Javascript Program To Merge K Sorted Linked Lists – Set 1
Last Updated :
15 Feb, 2023
Given K sorted linked lists of size N each, merge them and print the sorted output.
Examples:
Input: k = 3, n = 4
list1 = 1->3->5->7->NULL
list2 = 2->4->6->8->NULL
list3 = 0->9->10->11->NULL
Output: 0->1->2->3->4->5->6->7->8->9->10->11
Merged lists in a sorted order
where every element is greater
than the previous element.
Input: k = 3, n = 3
list1 = 1->3->7->NULL
list2 = 2->4->8->NULL
list3 = 9->10->11->NULL
Output: 1->2->3->4->7->8->9->10->11
Merged lists in a sorted order
where every element is greater
than the previous element.
Method 1 (Simple):
Approach:
A Simple Solution is to initialize the result as the first list. Now traverse all lists starting from the second list.
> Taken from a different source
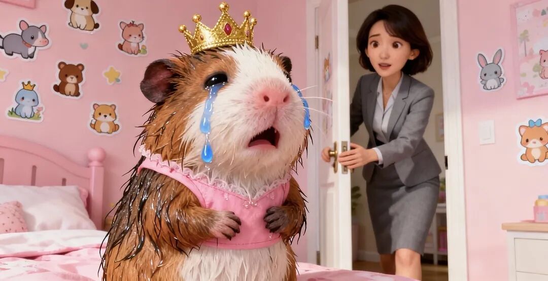 画面提示词:毛发湿透的豚鼠“猪妞”戴金色小皇冠、穿粉色服

Insert every node of the currently traversed list into result in a sorted way.
Javascript
<script>
class Node
{
constructor(key)
{
this .data = key;
this .next = null ;
}
}
let head;
let temp;
function printList(node)
{
while (node != null )
{
document.write(node.data + " " );
node = node.next;
}
document.write( "<br>" );
}
function mergeKLists(arr, last)
{
for (let i = 1; i <= last; i++)
{
while ( true )
{
let head_0 = arr[0];
let head_i = arr[i];
if (head_i == null )
break ;
if (head_0.data >= head_i.data)
{
arr[i] = head_i.next;
head_i.next = head_0;
arr[0] = head_i;
}
else
{
while (head_0.next != null )
{
if (head_0.next.data >= head_i.data)
{
arr[i] = head_i.next;
head_i.next = head_0.next;
head_0.next = head_i;
break ;
}
head_0 = head_0.next;
if (head_0.next == null )
{
arr[i] = head_i.next;
head_i.next = null ;
head_0.next = head_i;
head_0.next.next = null ;
break ;
}
}
}
}
}
return arr[0];
}
let k = 3;
let n = 4;
let arr = new Array(k);
arr[0] = new Node(1);
arr[0].next = new Node(3);
arr[0].next.next = new Node(5);
arr[0].next.next.next = new Node(7);
arr[1] = new Node(2);
arr[1].next = new Node(4);
arr[1].next.next = new Node(6);
arr[1].next.next.next = new Node(8);
arr[2] = new Node(0);
arr[2].next = new Node(9);
arr[2].next.next = new Node(10);
arr[2].next.next.next = new Node(11);
head = mergeKLists(arr, k - 1);
printList(head);
</script>
|
Output:
0 1 2 3 4 5 6 7 8 9 10 11
Complexity Analysis:
- Time complexity: O(nk2)
- Auxiliary Space: O(1).
As no extra space is required.
Method 2: Min Heap.
A Better solution is to use Min Heap-based solution which is discussed here for arrays. The time complexity of this solution would be O(nk Log k)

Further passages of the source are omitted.